Typical Monthly Costs for a Couple (2026):
Original Medicare + Medigap:
- Part B premiums: $405.80/month ($202.90 × 2)
- Medigap Plan G: $350-520/month ($175-260 × 2)
- Part D prescriptions: $70-100/month ($35-50 × 2)
- Vision/dental: $80-160/month
- Total: $905-1,265/month or $10,860-15,180/year
Medicare Advantage:
- Part B premiums: $405.80/month (same as above)
- Advantage plan premium: $0-80/month (many are $0)
- Copays and coinsurance: Variable (could be $0-9,250/person/year)
- Total: $405-565/month guaranteed, plus potential out-of-pocket costs
Now we’re talking about potentially several hundred dollars difference per month, so a zero-premium “all in one” Advantage plan may be much more attractive—especially if you’re healthy. But remember, you’ll make some sacrifices if you go that route: network restrictions, prior authorizations, potential high out-of-pocket costs if you get seriously ill, and difficulty switching back to Medigap if your health changes.
The bottom line: Medicare Advantage plans are good for the government (risk transfers to the private insurance carrier). They’re also good for the carriers (their government payments are basically guaranteed). One may also be good for you, but as we’ve seen, they’re not everything they’re made out to be in TV commercials.
A stewardship perspective
That said, I view Medicare and the various Medicare plans as part of God’s gracious provision for those who need healthcare in retirement, which is pretty much all of us. No plan is perfect. There are always trade-offs, but what you give up matters.
So if you’re Medicare eligible, before even thinking about one plan or another, think about:
- What kinds of coverage do you need
- What you’re willing to pay each month
- Whether you’re willing (and able) to pay high out-of-pocket costs for some services
- Whether you value provider flexibility or are comfortable with network restrictions
- How your health might change over the next 10-20 years
Then look at your plan options carefully using Medicare’s Plan Compare tool, make sure you understand all the terms and conditions and associated costs (get advice and counsel if you need it), and come to grips with what you are willing to sacrifice in one type of plan for something you really want in another.
And before you decide, visualize yourself 5, 10, or 20 years out and consider whether your decision may be one you might regret should your health significantly deteriorate, or you develop a serious condition requiring highly specialized care.
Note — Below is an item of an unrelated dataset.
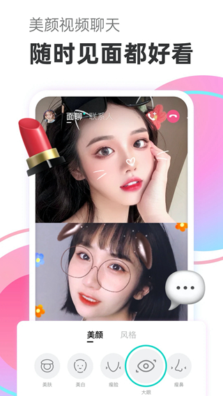 一甜面聊app是主打视频聊天的交友软件,这款软件支持用户直接与自己的好友进行语音、视频通话以及文字等方式交流互动,并且还有非常多有趣的玩法可以使用,喜欢的小伙伴快来下载体验吧!
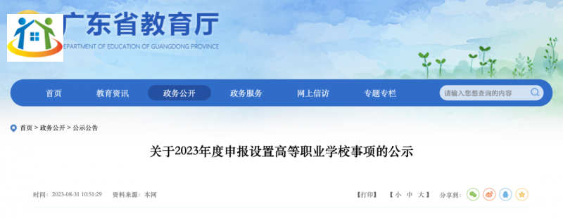 關(guān)于2023年度申報(bào)設(shè)置高等職業(yè)學(xué)校事項(xiàng)的公示

Plan and choose wisely so that when you need care (and you will), you can receive it without creating a financial crisis for yourself or your family.
“The prudent see danger and take refuge, but the simple keep going and pay the penalty.” (Proverbs 27:12, ESV)
A final reflection
After nearly nine years on Medicare with our Medigap Plan F, here’s what I know for certain: We made the right choice for us. The higher monthly premiums have been more than offset by the peace of mind, comprehensive coverage, and complete provider flexibility we’ve enjoyed.
But I also know friends who are equally happy with their $0-premium Medicare Advantage plans. They’re healthy, don’t travel much, like their network doctors, and save thousands of dollars annually on premiums.
The key is this: Choose intentionally. Understand the trade-offs. Don’t just pick what your neighbor has or what the TV commercial promises. Think through your specific situation, your health trajectory, your values (do you prioritize flexibility or cost savings?), and make a decision you can live with for the long term.
And do it during that six-month Medigap Open Enrollment window when you first enroll in Part B. That’s your one guaranteed opportunity to choose Medigap without any health questions. Don’t waste it.